WHAT THE TASK ASKS: Find the line containing "2025 새로운 이른" in the entries below. Restate it and each line after it, word for word, up to and including the line containing "[No-Lag WiFi 6".

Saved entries
_ _ _ _ _ _ _
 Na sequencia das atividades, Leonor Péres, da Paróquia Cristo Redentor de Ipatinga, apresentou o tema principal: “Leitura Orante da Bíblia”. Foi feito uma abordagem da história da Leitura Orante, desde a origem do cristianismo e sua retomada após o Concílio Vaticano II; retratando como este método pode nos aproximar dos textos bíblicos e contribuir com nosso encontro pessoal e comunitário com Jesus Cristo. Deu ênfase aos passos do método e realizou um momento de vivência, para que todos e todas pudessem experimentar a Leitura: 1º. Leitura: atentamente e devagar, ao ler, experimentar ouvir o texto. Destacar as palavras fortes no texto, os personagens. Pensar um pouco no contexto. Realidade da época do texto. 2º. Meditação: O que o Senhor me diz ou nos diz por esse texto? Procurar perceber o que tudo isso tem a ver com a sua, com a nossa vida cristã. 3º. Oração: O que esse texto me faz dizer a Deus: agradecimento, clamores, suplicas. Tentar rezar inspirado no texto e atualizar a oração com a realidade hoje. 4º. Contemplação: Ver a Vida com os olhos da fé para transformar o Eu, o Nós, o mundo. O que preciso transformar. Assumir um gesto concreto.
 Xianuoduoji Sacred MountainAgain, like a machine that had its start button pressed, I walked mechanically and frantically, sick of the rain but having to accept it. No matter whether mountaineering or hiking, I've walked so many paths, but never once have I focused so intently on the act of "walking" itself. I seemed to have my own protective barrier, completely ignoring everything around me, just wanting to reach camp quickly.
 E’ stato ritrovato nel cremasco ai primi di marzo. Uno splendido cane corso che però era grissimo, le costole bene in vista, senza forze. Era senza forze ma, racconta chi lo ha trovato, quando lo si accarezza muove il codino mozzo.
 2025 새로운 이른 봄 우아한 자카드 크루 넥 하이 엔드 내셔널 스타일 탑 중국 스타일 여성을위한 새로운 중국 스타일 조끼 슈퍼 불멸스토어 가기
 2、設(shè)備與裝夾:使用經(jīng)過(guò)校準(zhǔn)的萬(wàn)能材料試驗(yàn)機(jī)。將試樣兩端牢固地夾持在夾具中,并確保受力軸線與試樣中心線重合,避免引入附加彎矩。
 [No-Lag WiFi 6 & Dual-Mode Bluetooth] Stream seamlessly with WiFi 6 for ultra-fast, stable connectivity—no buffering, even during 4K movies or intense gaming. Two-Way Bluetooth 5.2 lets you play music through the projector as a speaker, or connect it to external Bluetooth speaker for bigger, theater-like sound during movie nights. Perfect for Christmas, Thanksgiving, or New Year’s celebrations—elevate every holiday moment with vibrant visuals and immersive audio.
_ _ _ _ _ _ _
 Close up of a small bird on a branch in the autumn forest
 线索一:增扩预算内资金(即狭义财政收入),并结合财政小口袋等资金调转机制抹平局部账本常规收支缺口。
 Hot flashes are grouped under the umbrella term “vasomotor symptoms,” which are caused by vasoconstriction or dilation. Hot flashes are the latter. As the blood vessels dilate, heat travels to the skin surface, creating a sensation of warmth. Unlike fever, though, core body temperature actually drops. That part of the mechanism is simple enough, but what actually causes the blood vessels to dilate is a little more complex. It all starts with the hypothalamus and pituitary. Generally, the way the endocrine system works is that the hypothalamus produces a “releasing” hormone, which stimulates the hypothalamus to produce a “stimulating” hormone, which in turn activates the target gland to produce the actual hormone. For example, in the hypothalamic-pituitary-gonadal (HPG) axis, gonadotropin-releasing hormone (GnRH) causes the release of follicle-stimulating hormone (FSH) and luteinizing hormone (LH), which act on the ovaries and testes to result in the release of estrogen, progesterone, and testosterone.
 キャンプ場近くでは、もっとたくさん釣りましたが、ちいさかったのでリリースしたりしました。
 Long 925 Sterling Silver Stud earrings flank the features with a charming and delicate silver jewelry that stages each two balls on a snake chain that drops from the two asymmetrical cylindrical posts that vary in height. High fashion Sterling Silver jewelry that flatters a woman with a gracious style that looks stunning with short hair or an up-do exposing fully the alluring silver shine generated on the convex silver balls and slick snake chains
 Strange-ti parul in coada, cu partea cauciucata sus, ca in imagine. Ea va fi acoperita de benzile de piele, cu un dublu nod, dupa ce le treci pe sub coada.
_ _ _ _ _ _ _
RESPONSE BELOW:
 2025 새로운 이른 봄 우아한 자카드 크루 넥 하이 엔드 내셔널 스타일 탑 중국 스타일 여성을위한 새로운 중국 스타일 조끼 슈퍼 불멸스토어 가기
 2、設(shè)備與裝夾:使用經(jīng)過(guò)校準(zhǔn)的萬(wàn)能材料試驗(yàn)機(jī)。將試樣兩端牢固地夾持在夾具中,并確保受力軸線與試樣中心線重合,避免引入附加彎矩。
 [No-Lag WiFi 6 & Dual-Mode Bluetooth] Stream seamlessly with WiFi 6 for ultra-fast, stable connectivity—no buffering, even during 4K movies or intense gaming. Two-Way Bluetooth 5.2 lets you play music through the projector as a speaker, or connect it to external Bluetooth speaker for bigger, theater-like sound during movie nights. Perfect for Christmas, Thanksgiving, or New Year’s celebrations—elevate every holiday moment with vibrant visuals and immersive audio.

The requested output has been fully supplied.